# Tachulator sensor mount



## melsdad (Mar 3, 2014)

I am adding a tachometer to my milling machine. And need a way to hold and protect the sensor.

Here is what we are starting with. A 2" x 2" hunk of aluminum



Stay tuned more to come.

sent from my hand held hickymajig


----------



## GK1918 (Mar 3, 2014)

Hi Brian, If this tackometer is what you are talking about, I wouldnt get too involved machining a mount.  Reason is, It lasted about
5 minutes- poof- the display went brain dead.


----------



## melsdad (Mar 3, 2014)

Nope that is not the one.

This one:

http://mkctools.com/tachulator.htm



_I have no idea how I put 2 pictures up. Can't see how to delete the attachment_:angry:


----------



## AR1911 (Mar 3, 2014)

Tachulator is the one to get. Made by a nice old guy in Hurst TX, close to Mom's house.


----------



## melsdad (Mar 9, 2014)

Finally back to this project.  The inside of the sensor housing is finished.

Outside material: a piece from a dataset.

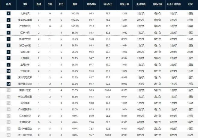 CBA联赛已经打完了第三轮,有的球队的表现非常不错,取得了三战全胜的战绩,比如北京男篮、青岛男篮和广东男篮;有的球队的表现超乎了球迷预期,比如阵容弱化明显的辽宁男篮,以及前几个赛季的弱旅宁波男篮;还有的球队的表现比较糟糕,比如一直都是CBA劲旅的浙江男篮。打完三轮比赛后,积分榜的情况也出现了不小的变化,接下来详细看一下。

sent from my hand held hickymajig


----------



## melsdad (Mar 9, 2014)

I slightly modified a cat 5e jack to use to connect the wiring to the sensor. 




sent from my hand held hickymajig


----------



## melsdad (Mar 9, 2014)

I thinned down the sides on the front of the mount and milled the angles in the pocket for the sensor. 











sent from my hand held hickymajig


----------



## melsdad (Mar 9, 2014)

Next is to mill the clearance to the underside of the mount.






sent from my hand held hickymajig


----------



## melsdad (Mar 9, 2014)

Next up is to make the lid and this half of the project will be done. 





sent from my hand held hickymajig


----------



## melsdad (Mar 9, 2014)

Lid is complete





sent from my hand held hickymajig


----------



## melsdad (Mar 9, 2014)

Here is how I am going to mount this. The draw bar will have a piece of reflective tape put on it for the sensor to read. 



sent from my hand held hickymajig


----------